The Commission Does Not Have to Adopt Impairment Ratings Automatically

Continental Tire of the Americas v. IWCC, 2015 IL App (5th) 140445WC

By: Conor P. Desmond - Associate - Nyhan, Bambrick, Kinzie & Lowry


Synopsis: The Commission does not have to adhere to or automatically adopt impairment ratings submitted by either party. Additionally, the petitioner does not have to submit a written report to substantiate a claim of permanent disability. It is enough for the petitioner to testify regarding his or her disability.


Facts: Petitioner, a 49 year-old labor trainer, tripped and fell while taking trash to a dumpster, fracturing his wrist. One month later, Petitioner’s treating physician placed Petitioner at maximum medical improvement and released him to full duty with no restrictions. The doctor thereafter prepared a written report containing an AMA impairment rating wherein he opined Petitioner had no permanent impairment as a result of the injury. At trial, Petitioner testified to minor residual symptoms, including occasional pain in his left hand and problems with his wrist when he worked around the house, played golf, or lifted something heavy. 


The Arbitrator concluded Petitioner sustained a 5% loss of use of the left hand as a result of the accident, and the Commission affirmed. The employer appealed, arguing that as a matter of law, Petitioner’s request for PPD should have been denied because he did not present a §8.1b(a) physician’s report that would support a finding of disability.
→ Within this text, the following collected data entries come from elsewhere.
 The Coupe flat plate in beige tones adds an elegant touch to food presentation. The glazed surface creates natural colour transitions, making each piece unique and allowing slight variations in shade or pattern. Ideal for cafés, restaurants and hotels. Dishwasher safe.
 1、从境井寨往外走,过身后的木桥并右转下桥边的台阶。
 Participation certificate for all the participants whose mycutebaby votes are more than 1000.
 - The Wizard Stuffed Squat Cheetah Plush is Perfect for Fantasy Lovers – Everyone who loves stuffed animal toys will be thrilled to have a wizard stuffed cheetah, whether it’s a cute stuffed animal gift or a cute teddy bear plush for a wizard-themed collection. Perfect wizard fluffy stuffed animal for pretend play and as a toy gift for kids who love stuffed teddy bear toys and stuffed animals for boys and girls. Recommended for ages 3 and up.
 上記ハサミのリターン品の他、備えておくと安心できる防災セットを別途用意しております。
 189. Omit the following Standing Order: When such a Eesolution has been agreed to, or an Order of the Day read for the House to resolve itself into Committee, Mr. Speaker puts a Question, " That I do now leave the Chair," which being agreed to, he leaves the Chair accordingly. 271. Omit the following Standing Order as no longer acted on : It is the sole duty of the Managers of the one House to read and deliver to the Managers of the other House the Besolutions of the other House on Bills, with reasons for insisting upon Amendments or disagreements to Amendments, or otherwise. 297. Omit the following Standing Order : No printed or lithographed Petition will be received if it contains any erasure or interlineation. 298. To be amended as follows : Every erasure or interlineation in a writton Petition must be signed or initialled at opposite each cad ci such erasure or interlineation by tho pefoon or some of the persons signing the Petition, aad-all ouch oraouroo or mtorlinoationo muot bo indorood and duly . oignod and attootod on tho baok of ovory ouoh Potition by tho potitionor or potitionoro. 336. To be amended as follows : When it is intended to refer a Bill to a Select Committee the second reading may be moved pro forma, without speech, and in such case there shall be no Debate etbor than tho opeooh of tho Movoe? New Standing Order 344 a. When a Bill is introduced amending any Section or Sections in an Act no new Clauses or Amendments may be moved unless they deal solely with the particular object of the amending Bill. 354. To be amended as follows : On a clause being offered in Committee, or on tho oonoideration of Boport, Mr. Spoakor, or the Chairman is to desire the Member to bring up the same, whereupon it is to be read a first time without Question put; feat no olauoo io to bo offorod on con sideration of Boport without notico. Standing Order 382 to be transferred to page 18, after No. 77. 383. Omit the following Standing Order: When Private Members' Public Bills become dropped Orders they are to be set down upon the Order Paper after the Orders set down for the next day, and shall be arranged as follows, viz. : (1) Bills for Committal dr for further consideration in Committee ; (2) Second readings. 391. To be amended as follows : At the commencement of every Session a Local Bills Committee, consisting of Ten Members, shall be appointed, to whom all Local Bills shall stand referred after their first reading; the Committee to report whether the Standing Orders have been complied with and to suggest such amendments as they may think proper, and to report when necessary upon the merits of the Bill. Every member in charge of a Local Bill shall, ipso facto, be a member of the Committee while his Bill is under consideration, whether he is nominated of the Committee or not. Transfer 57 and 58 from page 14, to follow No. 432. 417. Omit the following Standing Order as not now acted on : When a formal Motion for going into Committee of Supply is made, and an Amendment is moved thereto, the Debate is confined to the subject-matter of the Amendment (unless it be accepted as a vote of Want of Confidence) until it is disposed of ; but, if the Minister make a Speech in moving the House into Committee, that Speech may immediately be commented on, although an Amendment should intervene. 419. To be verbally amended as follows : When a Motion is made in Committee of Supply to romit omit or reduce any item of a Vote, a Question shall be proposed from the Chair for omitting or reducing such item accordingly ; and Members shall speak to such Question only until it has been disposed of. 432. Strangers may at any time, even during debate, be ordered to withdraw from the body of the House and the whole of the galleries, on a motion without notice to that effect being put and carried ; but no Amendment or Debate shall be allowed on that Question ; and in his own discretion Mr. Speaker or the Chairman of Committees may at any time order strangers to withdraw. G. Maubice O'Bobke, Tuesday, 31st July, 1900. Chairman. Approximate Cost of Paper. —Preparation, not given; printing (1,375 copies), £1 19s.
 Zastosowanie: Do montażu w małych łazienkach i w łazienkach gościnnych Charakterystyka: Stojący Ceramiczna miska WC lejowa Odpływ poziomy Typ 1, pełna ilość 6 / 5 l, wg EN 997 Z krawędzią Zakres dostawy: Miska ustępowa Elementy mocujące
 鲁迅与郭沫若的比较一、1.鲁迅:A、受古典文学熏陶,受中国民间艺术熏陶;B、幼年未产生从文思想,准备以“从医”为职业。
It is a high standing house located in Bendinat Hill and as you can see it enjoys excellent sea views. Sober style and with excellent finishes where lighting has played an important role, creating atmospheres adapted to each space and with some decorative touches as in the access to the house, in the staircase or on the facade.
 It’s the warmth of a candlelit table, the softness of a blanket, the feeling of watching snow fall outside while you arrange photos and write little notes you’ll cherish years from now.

The appellate court rejected that assertion, holding the Act does not require the claimant to submit a written physician’s report. Rather, the statute only requires the Commission consider a report that complies with §8.1b(a), “regardless of which party submitted it.” The court further held nothing the statutory language required the Commission to automatically adopt the reported level of impairment merely because the parties submitted only one report. To hold otherwise would be contrary to the Act’s mandate that no single enumerated factor shall be the sole determinant of disability. The court concluded the Commission had properly weighed the evidence regarding all the listed factors. 


Impact on Illinois Employers: Employers should carefully consider the obtaining and submission of an impairment rating at arbitration as its impact may not be as significant as originally thought. While petitioners are not required to submit a report to support his or her claim for permanent disability, the Commission is required to consider any impairment report submitted by either party as part of its decision. However, the mere fact that an impairment report exists does not automatically require the Commission to concur with its conclusions. In this instance, the Commission felt Petitioner’s testimony of his ongoing pain and limited range of motion was more credible than the impairment report.


This area of Illinois workers’ compensation is still changing as many supporters of the AMA impairment rating believe this ruling is counter to the statutory purpose of the rating.